Labour, having lost another election, held another leadership contest and selected a hard-left candidate. Since most of the Labour members of Parliament are fairly centrist, the party was hopelessly divided and unable to function. This is still the case.
Thus both opposition parties were crippled and this third attempt at passing the law looked like the strongest, even now that the behaviour of GCHQ was publicly known. Mrs May even admitted in public that successive governments had essentially broken the law, something confirmed in 2016 by the tribunal that was eventually compelled to investigate.
Nonetheless, there was hope that it could be stopped for a third time. Then the Brexit vote happened and nearly the entire political establishment exploded. Only one person was smart enough to stand back, Mrs May. Once everyone else had destroyed each other, she was the only significant person remaining and became Prime Minister almost by default.
At that point, I’m afraid, her pet project of five+ years was basically a done deal and the Investigatory Powers Act 2016 will soon be law.
Mrs May has also decided that the disaffected, anti-migration, fairly nationalist segment of the population that were the core of the Brexit vote would make a great pillar of political support in the future. The traditional core of Conservative support have been the more wealthy, but since they don’t have a real alternative, Mrs May is betting that she can focus on this new segment of voters and secure her future power.
She might well be correct and Americans might recognise some parallels with the Trump victory. Comparing Theresa May to Donald Trump would be inaccurate and insulting (to Mrs May), but there are similarities to the underlying political calculations; which is disquieting.
So it will soon be the case that UK ISPs must keep a record of every website visited, except that it’s not fully defined how much data ISPs must collect and it could be full netflow data in some cases. The police and other government organisations will be able to access this information at will: only the authority of a senior officer is required.
The intelligence services will have the authority to do the mass surveillance and mass hacking that is now their norm and we probably won’t find out what new things they’ll start doing for some time. They’ll gain the ability to demand “bulk personal datasets” from third parties too.
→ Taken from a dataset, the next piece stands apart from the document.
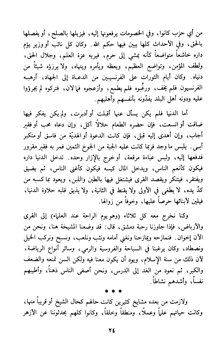 ولازمت من بعده مشايخ كثيرين كانت حالهم كحال الشيخ أو قريباً منها، وكانت حياتهم علماً وعملاً، ومنطقاً وخلقاً، وكانوا كلهم يحدثوننا عن الأزهر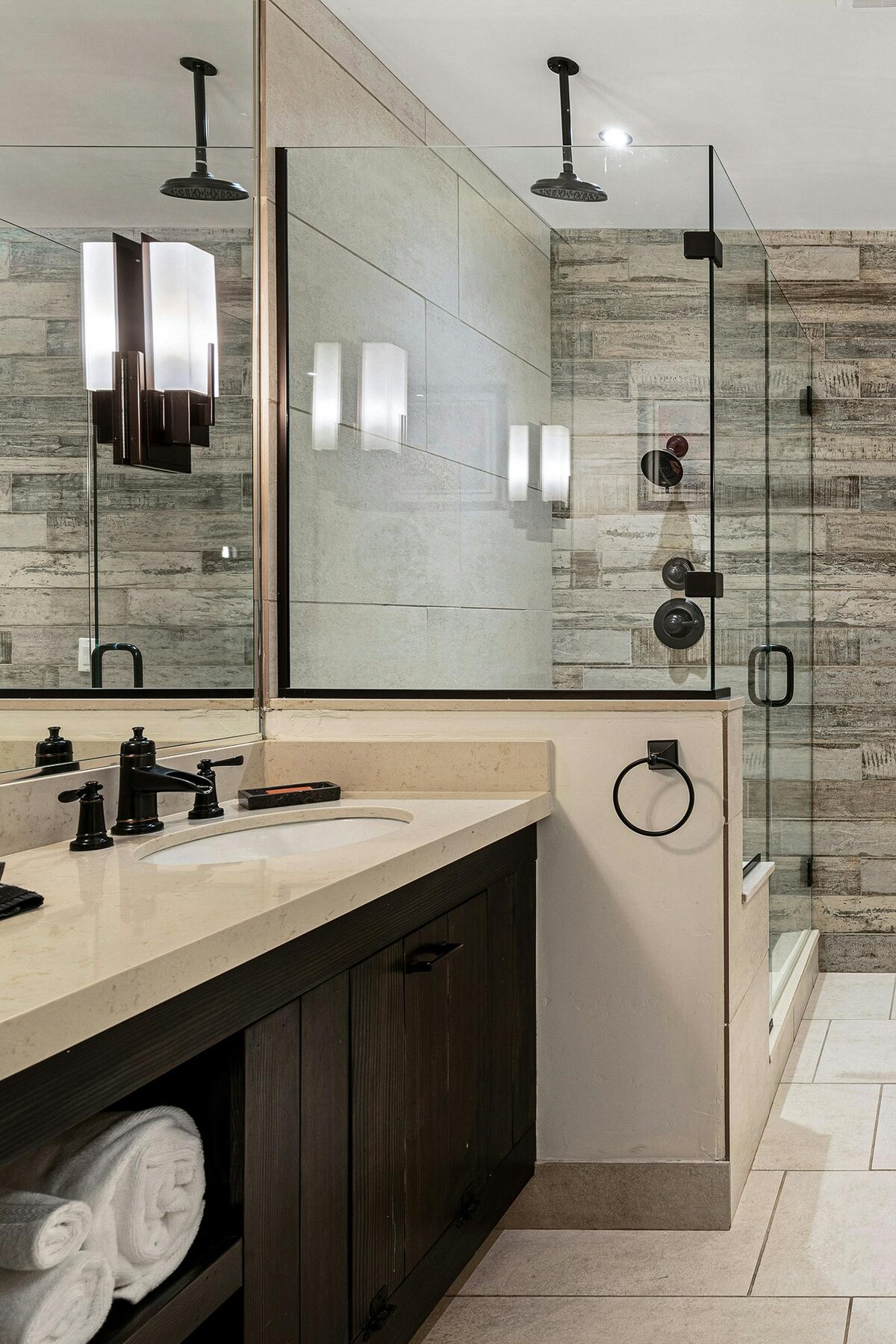 このクイーンの客室は、カスタムメイドの家具、ディストレスト・ドリフトウッドのフローリング、ヴィンテージの備品を備え、現代とミッドセンチュリーモダンが融合しています。カラフルなモザイクタイルとデュアルヘッドスパシャワーがこのバスルームを引き立てています。Serenityは1階にあり、外に専用の入り口があります。

And, most problematically, they now have vaguely defined powers to compel cooperation from third parties on a variety of matters, all of which come with a gag order. This includes “technical capability notices” (section 254) which essentially can require anything “that [...] is (and remains) practicable” to demand. Oh and “a technical capability notice may be given to persons outside the United Kingdom (and may require things to be done, or not to be done, outside the United Kingdom)” and one “must not disclose the existence or contents of the notice to any other person without the permission of the Secretary of State.”
So the UK government reserves the right to demand anything that’s possible, extraterritorially or otherwise, and in secret.
Every other nation's intelligence community will soon be crying to their political masters that they they want one too and, in this political reality, anything is possible.
If you work at a technology firm, please keep this in mind when making design decisions. This internet that we’re building is a powerful tool and we engineers have more say than most about what this tool is going to be used for.